Third ICPD+5 Round Table, on Partnership with Civil Society, starts in Bangladesh. UNFPA Executive Director Stresses Need to Broaden Participation and Overcome Mistrust among Partners

United Nations Population Fund
Contact: in New York:
Alex Marshall
Fax: (212) 557-6416

The ICPD+5 review process

DHAKA, Bangladesh, 27 July -- Setting a provocative tone for the just-opened Round Table on Partnership with Civil Society in the Implementation of the ICPD Programme of Action, Bangladeshi development expert Rahman Sobhan said, "Policy making is too important a subject to be left to the care of governments."

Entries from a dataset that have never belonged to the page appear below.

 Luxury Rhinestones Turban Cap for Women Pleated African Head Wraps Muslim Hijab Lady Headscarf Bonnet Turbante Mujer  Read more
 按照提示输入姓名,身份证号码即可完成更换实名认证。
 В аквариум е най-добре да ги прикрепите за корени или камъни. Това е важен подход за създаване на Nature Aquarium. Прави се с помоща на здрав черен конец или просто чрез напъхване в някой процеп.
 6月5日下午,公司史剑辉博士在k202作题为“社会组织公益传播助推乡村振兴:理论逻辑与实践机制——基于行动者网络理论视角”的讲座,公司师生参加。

Mr. Sobhan, a former government official and now the Chairman of the Centre for Policy Dialogue, was one of three panellists at today’s plenary session, intended to give an overview of issues to be taken up at the four-day meeting organized by the United Nations Population Fund (UNFPA). The others were Ingar Brueggemann, Director-General of the International Planned Parenthood Federation (IPPF), and Ghulam Samdani, Secretary of Pakistan’s Ministry of Population Welfare. Mohammed Nizamuddin, Director of UNFPA’s Technical and Policy Division, was the moderator. The round table is the third in a series reviewing progress in carrying out the recommendations of the 1994 International Conference on Population and Development (ICPD).

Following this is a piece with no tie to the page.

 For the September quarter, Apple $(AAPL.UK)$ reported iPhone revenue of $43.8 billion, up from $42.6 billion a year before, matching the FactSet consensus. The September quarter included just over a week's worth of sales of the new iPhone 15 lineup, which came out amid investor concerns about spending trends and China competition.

Governments in many countries, Mr. Sobhan argued, no longer have the resources to shoulder their responsibilities, and are being reduced to "mere coordinating agencies" for aid donors. These external actors have appropriated the development policy agenda, getting governments to implement the policies they formulate by attaching conditions to their assistance.

"No area has been more affected by this process than the area of reproductive health and family planning," he said. Conflicting recommendations by various international donors that provide resources for family planning programmes sometimes result in "projects with competing aims, and a waste of resources."

The concept of "civil society" -- the focus of the round table -- has been abused over the years, he continued. Non-governmental organizations (NGOs), he argued, do not by themselves constitute civil society, which includes citizens engaged in civic mobilization to improve their communities. Many of those actors have organized locally on issues like family planning, improving the environment, or opposing military dictatorships in Bangladesh’s case. Civil society predates today’s NGOs, dating back more than 100 years in the Indian subcontinent, for instance, to protests against the burning of widows.

Governments are being downsized, demoralizing civil servants, and many of their functions are being taken over by privatization on the one hand, and "NGO-ization" on the other. Ironically, he contended, the increasing reliance on NGOs to carry out programmes has weakened and disempowered civil society in many nations. As NGOs have grown from small, spontaneous civic groups into large, externally funded groups with many employees, they have become less transparent, and accountable only to their donors, not their constituents.

Small and effective civil society groups should be mobilized to counter well-funded forces that are actively opposing the ICPD’s reproductive health agenda, he suggested. He also called on round-table participants to suggest ways that States and civil society can cooperate on reproductive health and related issues.

In her statement to the overview plenary, Ms. Brueggemann said partnerships between governments and civil society must strike a balance between cooperation and a clear demarcation of the respective roles of each sector or organization.

"NGOs must not allow governments to abdicate their social responsibility," she stressed. They should continue to act as "a nagging force" advocating for change. They should retain their independence by stating clearly under what terms they will enter affiliations. In cooperating with governments and other sectors of civil society, NGOs can perform a variety of functions: they can establish and develop sexual and reproductive health as a movement; act as watchdogs; set and monitor standards; become donors; and provide technical assistance. They should restrict their activities to those they can carry out effectively, with a proper division of labour between them and governments.

Partnerships and networking -- with less exclusivity -- should become the norm throughout the world, Ms. Brueggemann said. NGOs should work to overcome resistance to dialogue with governments and other NGOs, she concluded.

Mr. Samdani said he agreed with the view that many NGOs are neither transparent nor accountable, although there is an increasing transfer of roles to them. Countering Mr. Sobhan’s view that policy making is too important to be left to government alone, he said democracies are run by the elected representatives of a country’s people. While bureaucracies are often criticized, he said it should be kept in mind that they merely carry out policies and do not make them.

Civil society should be involved in development and in implementing the Programme of Action since there are many things that government cannot do, he continued. For example, in Pakistan, an Islamic society, NGOs can discuss reproductive issues more openly than the Government can. "NGOs should accept their roles as partners of government, work together and take the ICPD agenda forward together to save the world from a population explosion that will affect the entire global community," he said. "All of us, all citizens, all governments, all NGOS and all civil society actors must be involved in carrying out the ICPD agenda. In that endeavour, a partnership of all sides is necessary."

Following the plenary, the round-table participants split up into four working groups to consider in detail different aspects of civil society involvement in implementing the ICPD Programme of Action. The meeting will continue until 30 July.